▶ **Task objective**
Leave the pictures out and quote only the lines from the one with "[Description] Dual layer" down to the end of the listing below.

**** Information provided

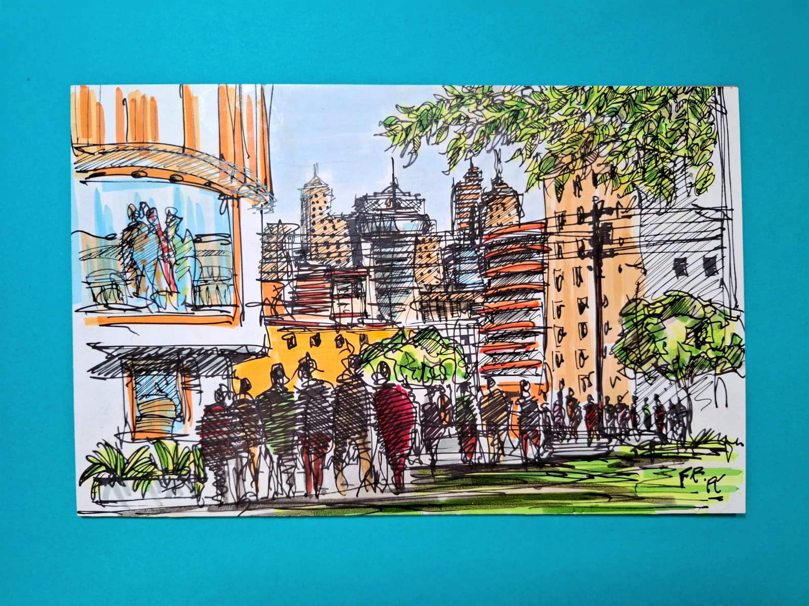 People of all walks of life coming and going in a bustling metropolis Pen & Felt Tip Marker · Architecture
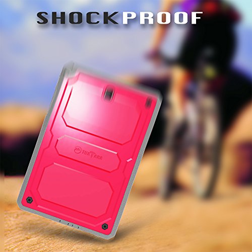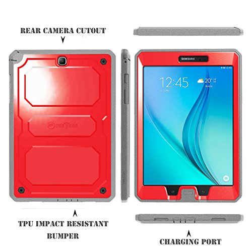 [Description] Dual layer Tuatara series case designed for Samsung Galaxy Tab A 9.7 (SM-T550) Hybrid soft shock absorption TPU skin & impact-resistant polycarbonate reptile-like hard shell back cover provides outstanding protection for the ultimate drop defense Integrated front cover screen protector prevents scratches without sacrificing sensitivity or visibility All features EASILY accessible with case installed. Button and port cover guards limit dust exposure Available in a variety of bright and fun colors.
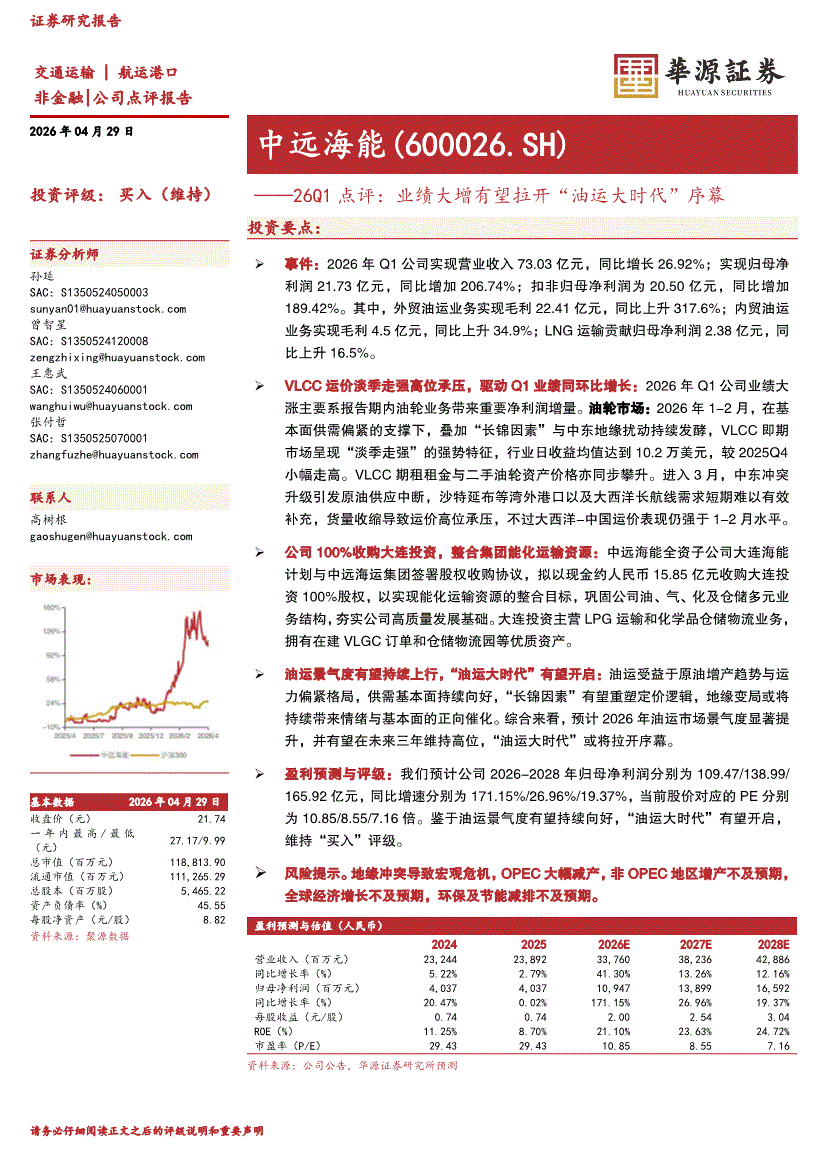 中远海能:华源证券-中远海能-600026-26Q1点评:业绩大增有望拉开“油运大时代”序幕-260429

********

▶ **Finished task**
 [Description] Dual layer Tuatara series case designed for Samsung Galaxy Tab A 9.7 (SM-T550) Hybrid soft shock absorption TPU skin & impact-resistant polycarbonate reptile-like hard shell back cover provides outstanding protection for the ultimate drop defense Integrated front cover screen protector prevents scratches without sacrificing sensitivity or visibility All features EASILY accessible with case installed. Button and port cover guards limit dust exposure Available in a variety of bright and fun colors.
 中远海能:华源证券-中远海能-600026-26Q1点评:业绩大增有望拉开“油运大时代”序幕-260429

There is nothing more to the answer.